If rather than attempting to wrest the lease from the legitimate owner (and thereby plunge the building into an even more uncertain future), every one of the Facebook campaigners bought a season ticket that would raise a significant amount towards repair and maintenance. In the absence of that, there remains the need to subsidise the facility in some way, and that is what the owner is trying to achieve.

Mark Strawbridge

Nottingham

Cuts we could live with

Regarding the resistance to benefit cuts, as a 61-year-old, £600-a-day business consultant, I find that using my free bus pass when visiting clients is of great value, and the £250 winter fuel allowance arrives in nice time to fund some pre-Christmas customer entertaining.

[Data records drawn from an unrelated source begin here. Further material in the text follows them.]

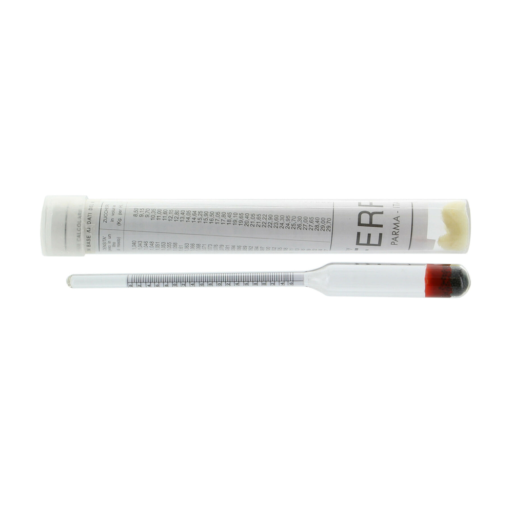 Con il mostimetro “babo” si misura la percentuale in peso degli zuccheri contenuti nel mosto, da cui si calcola il probabile grado alcolico del vino.
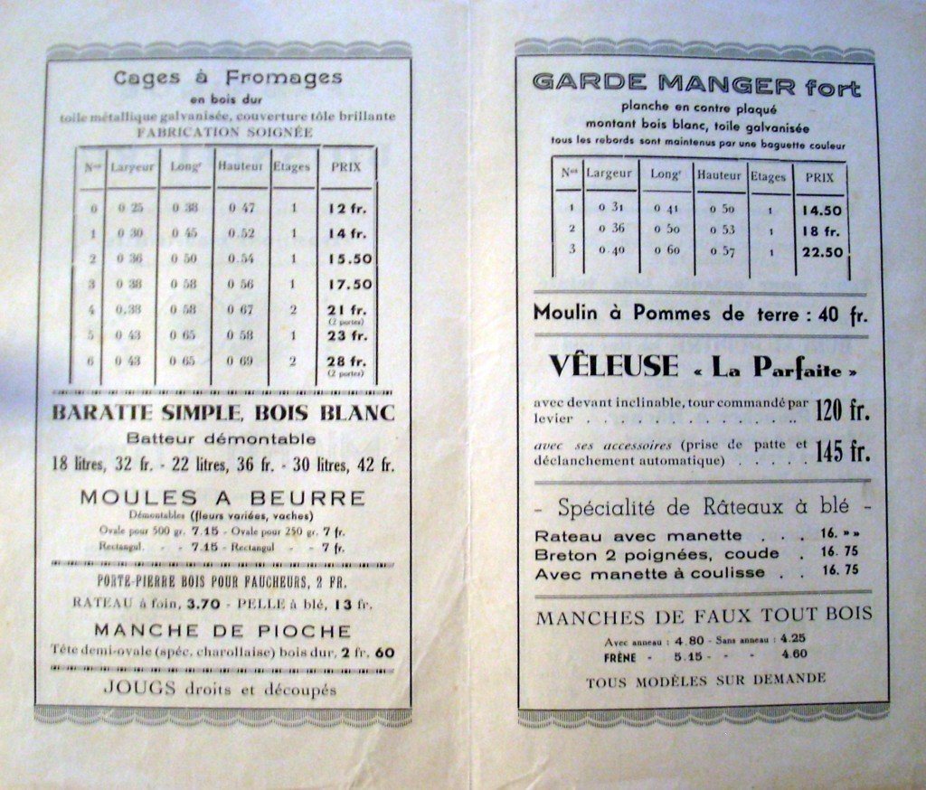 C’est ainsi que barattes, moules à beurre ovales ou rectangulaires à décors de vaches, de fleurs ou de glands, cages à fromages, garde-manger, broyeurs à pommes de terre, vêleuses, ruches en bois, râteaux à blé et à foin en bois, selles à laver, battoirs à linge, pelles à grain, manches de faux, faux à blé avec un râteau intégré, fléaux, jeannettes sur pied (50X15) de repasseuse pour repasser les manches de corsages et de chemises, des « potets » (couffin d’aiguisage ») que l’on pendait à la ceinture, et qui contenaient la pierre d’aiguisage pour affûter les faux.
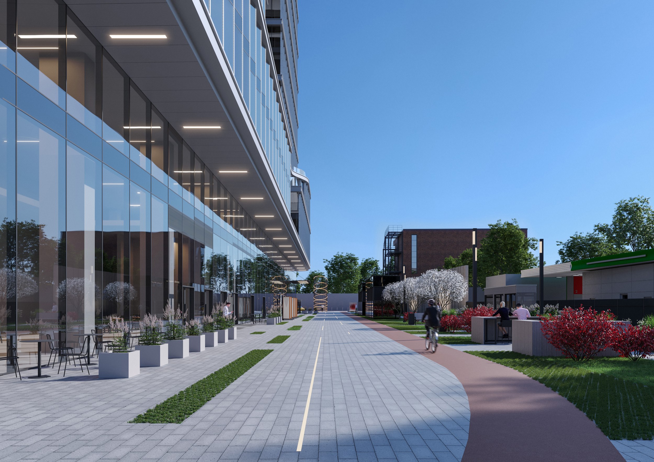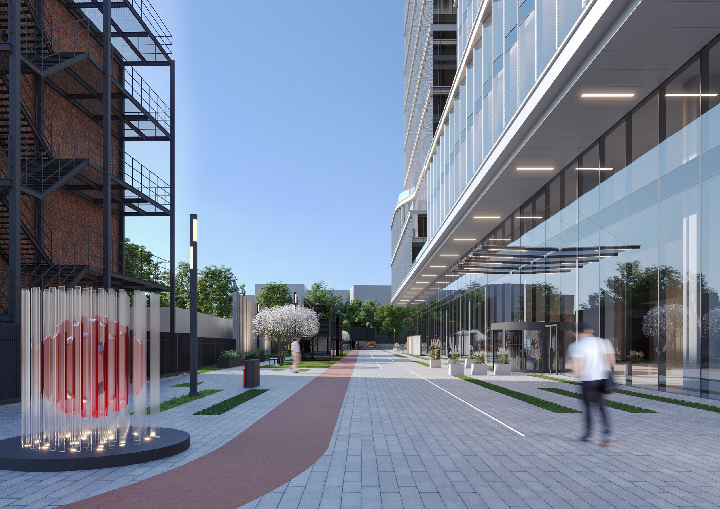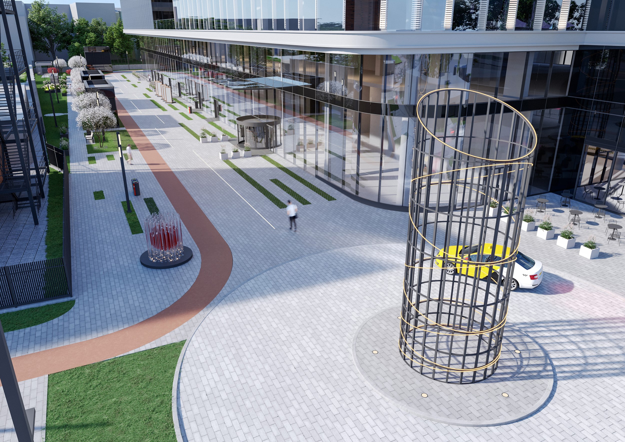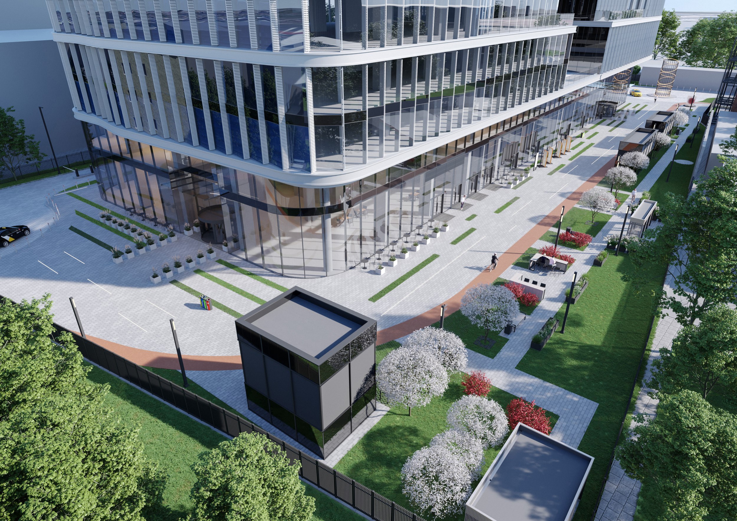 На территории бизнес-центра, доступной для всех желающих, будет создана комфортная безбарьерная среда. Появятся благоустроенные общественные зоны: газоны, пешеходные тротуары, летние веранды, парковки для самокатов и велосипедов.
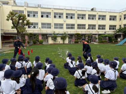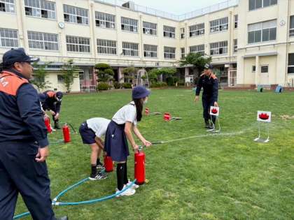 消防署に協力を頂きながら実施する防災訓練は毎年1回行っていますが、水消火器訓練は昨年度も実施した4年生なので、動きがとてもすばやくスムーズに実施することができていました。
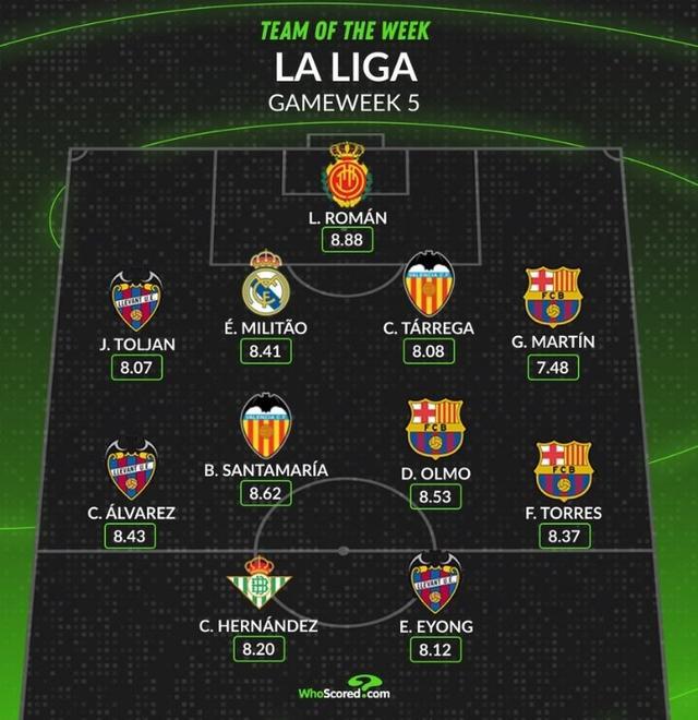 直播吧9月22日宣 西甲第五轮战罢,数据网站Whoscored也评选出本轮西甲最佳阵,费兰等巴萨3人在列,米利唐如选。以下为具体阵容:罗曼(马洛卡)托利安(莱万特)、米利唐(皇马)、塔雷加(瓦伦西
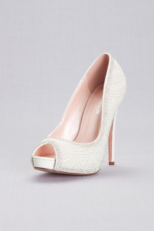 Dazzling sparkle makes a lasting impression on these platform peep-toe stiletto heels, perfect for walking down the aisle.

More seriously, I attempted to help a young man who became known to our family. Orphaned at 16, he was living on benefits on his own in a flat provided by the local council.

I arranged an interview for him through contacts at a local distribution centre, where there was a vacancy with the prospect of development training. He declined to even go to the interview, because "It's warehouse work, and warehouse work wouldn't suit me." As far as I know, he remains on benefits and Jobseeker's Allowance (ha! - some jobseeking).

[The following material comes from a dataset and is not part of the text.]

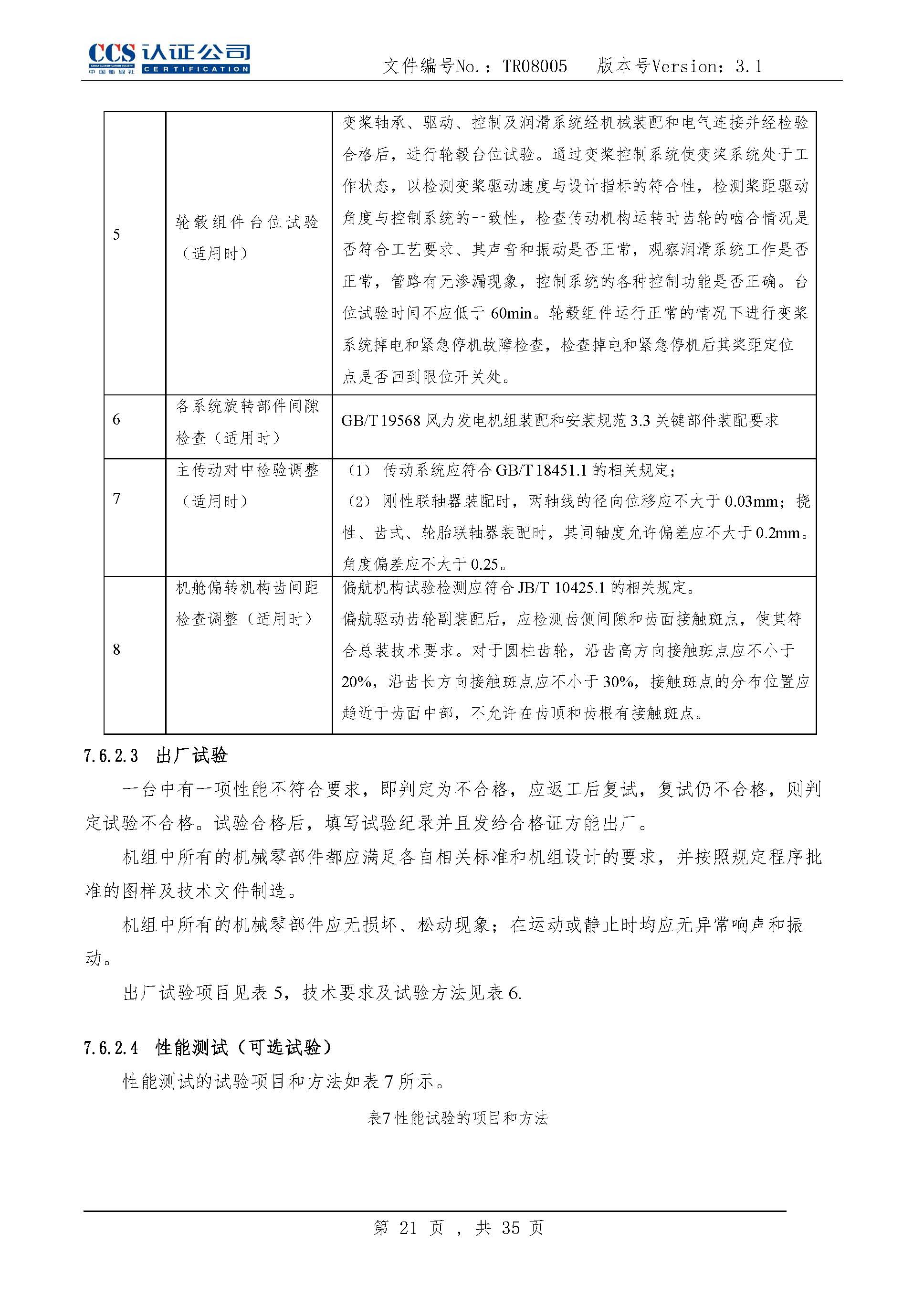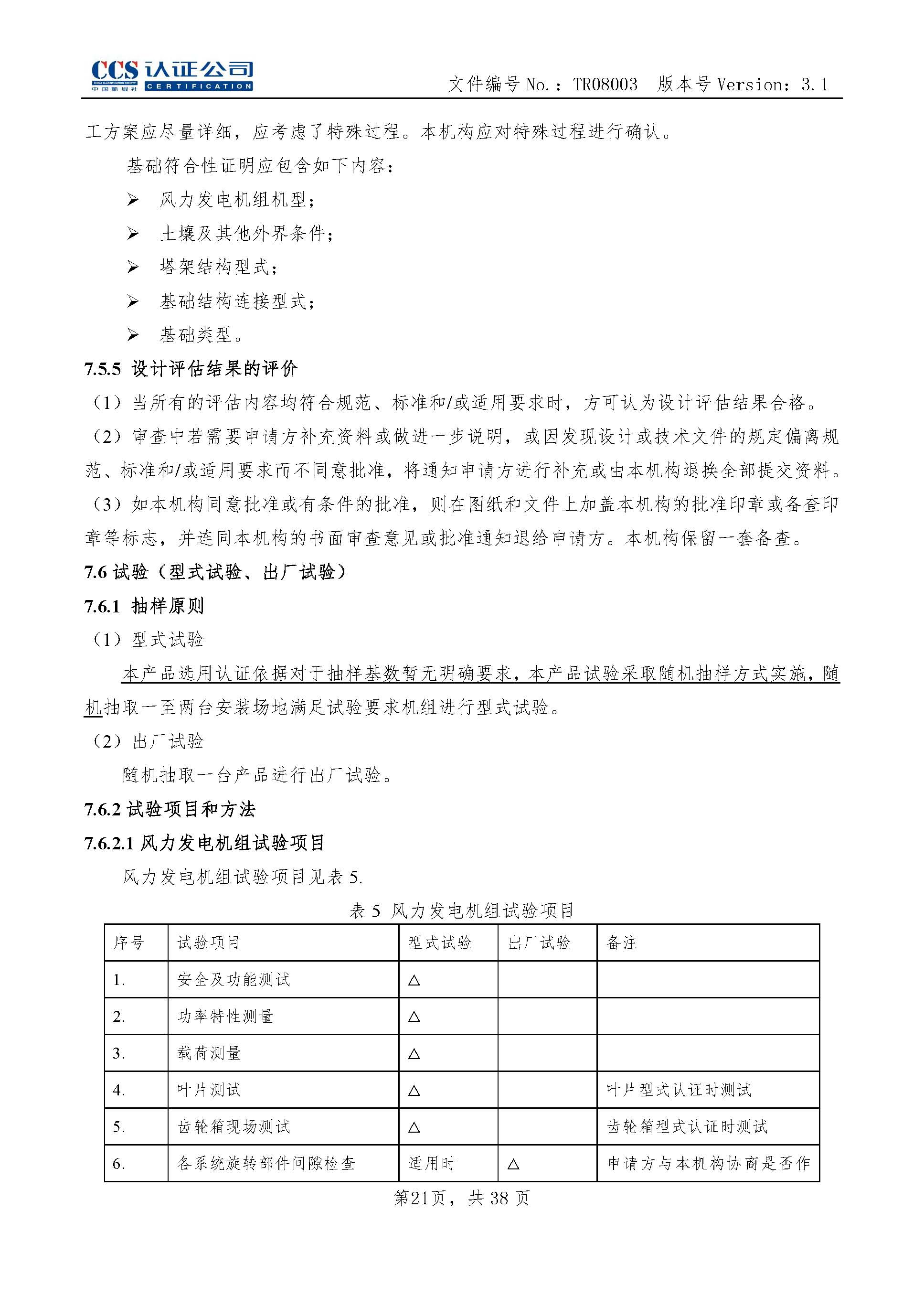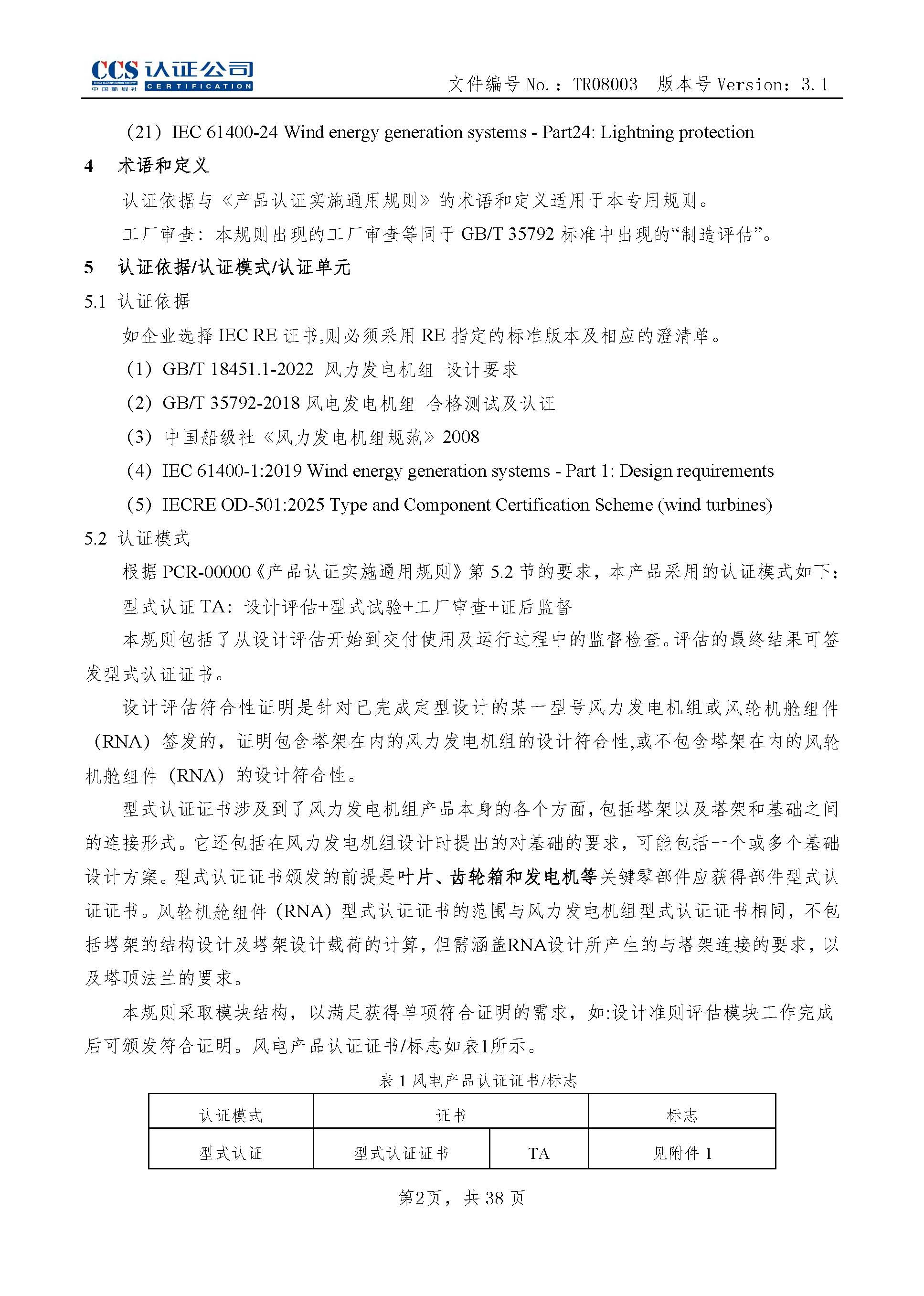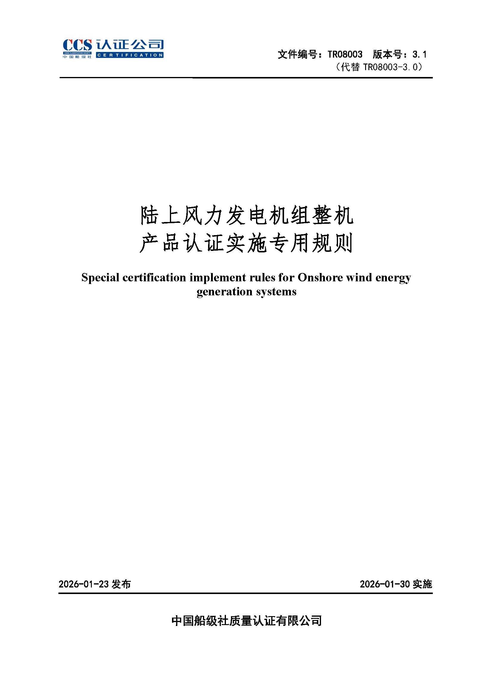 TR08003-3.1 陆上风力发电机组整机产品认证实施专用规则

If his – and my own – state payouts were stopped or curtailed, would this be "vicious Tory cuts", or a more sensible use of public money?

Richard Charnley

Leamington Spa, Warwickshire

No wonder

Articles on super heroes are a rare treat in the "better" papers, but your correspondent Guy Adams in Los Angeles (1 July) needs to borrow Wonder Woman's Lasso of Truth when next he researches an article. He states that WW's arsenal includes the "Lasso of Truth, Bracelets of Victory and the ability to fly". If this were true, why does the "Amazon Princess" own an "invisible jet"?

Steve Mullane

Southampton

Diet revolution

Health Secretary Andrew Lansley and George Osborne appear to have devised a wicked wheeze to solve the pensions "timebomb". Disregard everything that Jamie Oliver has been banging on about (report, 30 June). Bring back the deep-fried reconstituted meat, the chips and the saturated fats. Let the poor eat them while they are at school and they will never live to see 65. Pension problem solved!

Simon G Gosden

Rayleigh, Essex

Perspectives on World Cup football

Green's gift to the English game

Robert Green has done English football a massive favour. But for his gaffe, the team would have won their group, would have squeezed past Ghana by the odd goal, beaten Uruguay in the penalty shoot-out, and in the semi-final lost heroically to Spain with a hard-working performance, a dodgy penalty and an offside goal against them.

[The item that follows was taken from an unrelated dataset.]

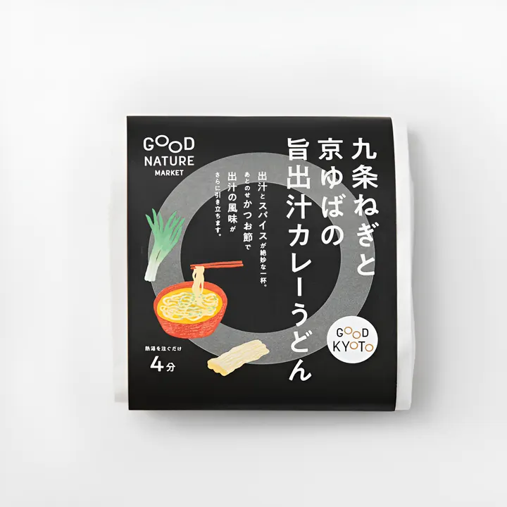お湯を注ぐだけで出来上がる、やさしい味わいのカレーうどんです。北海道産小麦100%のうどんを特殊製法で乾燥。ノンフライの即席麺でありながら、食べ応えのあるコシに仕上げました。出汁とスパイスが絶妙な一杯で、別添えのかつおぶしで出汁の風味がさらに引き立ちます。 〇北海道産小麦100%使用、麺のこだわり。 麺の小麦粉には旨味成分が豊富な北海道産小麦の「きたほなみ」を100%使用。麺は、カレー出汁がよく絡む中細麺を使用しています。ノンフライでありながら、しっかりとしたコシがあり、その魅力はのどごしで、しこしこの食感とつるつるの喉越しが特徴のうどんです。 〇スパイスとかつおが香る、和風の旨出汁スープ。 スパイスとかつおの旨味を活かしたカレースープです。玉ねぎや豚の旨味をベースに、スパイス香るカレースープは、かつお節の旨味を加えることで、親しみやすい風味に仕上げています。適度なとろみがあるため、スープに麺が絡みやすく、別添えのかつお節で、和のおいしさも味わえます。 〇京の熟練した職人が作る、京都「三田久」の湯葉。 三田久では、大正9年以来、良い材料と水、そして京都府優秀技能賞を受賞した熟練の職人技を受け継ぎ、美味しい湯葉を作り続けています。湯葉は豆と水だけで作るため、よい素材を使うことが、おいしい湯葉をつくる秘訣です。三田久の湯葉は京都の清浄な地下水と、最良質の国産大豆を使い、一枚一枚、職人の手作業で、ていねいに作られています。九条ねぎと京湯葉をあわせることにより、京都らしいカレーうどんに仕上げました。 〇風味の良い京野菜、九条ねぎを薬味に使用。 味・品質にこだわった九条ねぎをフリーズドライではなく、低温熱風という製法でじっくりと時間をかけて風味の良さを残しました。葉肉が厚く食べごたえのある九条ねぎだからこそ、乾燥タイプでもスープに入れると水分を含み、ボリューム感があります。 〇お湯を注ぐだけ。軽食やお夜食にも便利。 旨出汁カレーうどんは、お湯を注ぐだけで手軽においしくお召し上がりいただけます。 やさしい味わいで、軽いお食事や汁物の代わり、お夜食にもぴったり。お子さまから年配の方まで、幅広く召し上がっていただけます。 常温保存のため、保存食やギフトとしても喜ばれる商品です。 〇京都のGOODな食材、食の知恵、作り手たち。「GOOD KYOTO」 京都で大切に育まれた、安心・安全な自然食材。古来より京都に根付く、自然を敬う豊かな食の知恵。昔ながらの製法を大切にする、素晴らしいつくり手。美味しいだけじゃない、心にも体にもGOODな京都の食を、リスペクトを込めてお届けします。 〇お召し上がり方 1.麺とスープを器に移し、沸騰させたお湯(または再沸騰させたポットのお湯)を麺が完全に浸るまで注いでください。(約400ml程度) 2.ラップや鍋のふたなどを器に被せてください。 3.4分後、ふたを開け、よく混ぜてください。 4.仕上げに、かやく(ねぎ・ゆば)を入れ、かつお節を添えてお召し上がりください。 ※熱湯を扱いますので、やけどには充分気を付けてください。 ※湯戻りが悪い(麺が固い)時は、レンジで約1分、加熱してください。

As England are only eighth in the present Fifa rankings, a semi-final defeat to Spain would have been acceptable to the more pragmatic English public. This scenario would have prevented the vitriol which is now being spewed out daily in our newspapers, but the hysteria, hyperbole and hallucinations surrounding the team before every major tournament would still be in place.

At least now, perhaps, the nation will realise that its team will never possess the technical skills of the South Americans, the improvisation of the Dutch and the Spanish, or the organisation of the Germans.

J McGregor

Wigan

Players' wages: are they worth it?

Some quick back-of-an-envelope sums show that our toothless lions and their coach earned in their month of South African shame the equivalent of the annual salaries of 10,152 newly appointed NHS staff nurses.

Maybe, in this era of austerity, it is time to ask ourselves, our broadcasters, football clubs, breweries, sportswear manufacturers, one another and particularly the men themselves if they think we might spend their earnings more wisely?

Tom Ladds

Bollington, Cheshire

An outlandish proposal

I have a novel solution to the problem of controversial decisions deciding football and other sporting matches: "honesty".

Imagine a world where goalkeepers admitted that the ball had indeed crossed the line. Imagine a situation where the last person to touch the ball before going over the line for a corner, goal-kick or throw-in owned up to the fact. Imagine a player stopping the game to say "Hold on, Ref, I played the ball with my hand!"

Oh for the days when cricketers "walked" when they knew they were out.